Financial advice is a prescription that guides investors to make decisions that best serve their interests. This advice is most effective when the following are carefully taken into consideration.
- An accurate analysis of the cognitive and emotional strengths and weaknesses of investors that relate to making decisions.
- The investor's occasionally faulty assessment of their own interests and desires.
- The relevant facts about investing that are often ignored.
- The limits of the ability to accept advice and to accept the results of the decisions made over time.
In the article titled Aspects of Investor Psychology by Daniel Kahneman and Mark Riepe that appeared in a 1998 edition of Journal of Portfolio Management, a very good checklist of the responsibilities of investment advisors was provided. It is useful in evaluating which advisor may be best for you.
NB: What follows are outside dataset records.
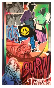 acrilico, spray y ceras base aceite sobre tela de algodon
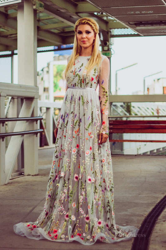 Whimsical Meadow Floral Wedding Dress with Long Sleeves| V-Neck Backless Gown FW101
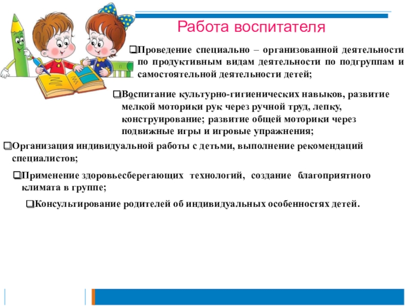 Организация индивидуальной работы с детьми, выполнение рекомендаций специалистов;

The authors asked, "How frequently do advisors do each of these items?"
- Encourage clients to adopt a broad view of their wealth, prospects and objectives.
- Encourage clients to make long-term commitments to investment policies.
- Encourage clients not to monitor results too frequently.
- Discuss the possibility of future regret concerning the outcome of their investments.
- Ask themselves if a course of action is out of character for their client.
- Verify that the client has a realistic view of the odds, when a normally cautious investor is attracted to a risky investment.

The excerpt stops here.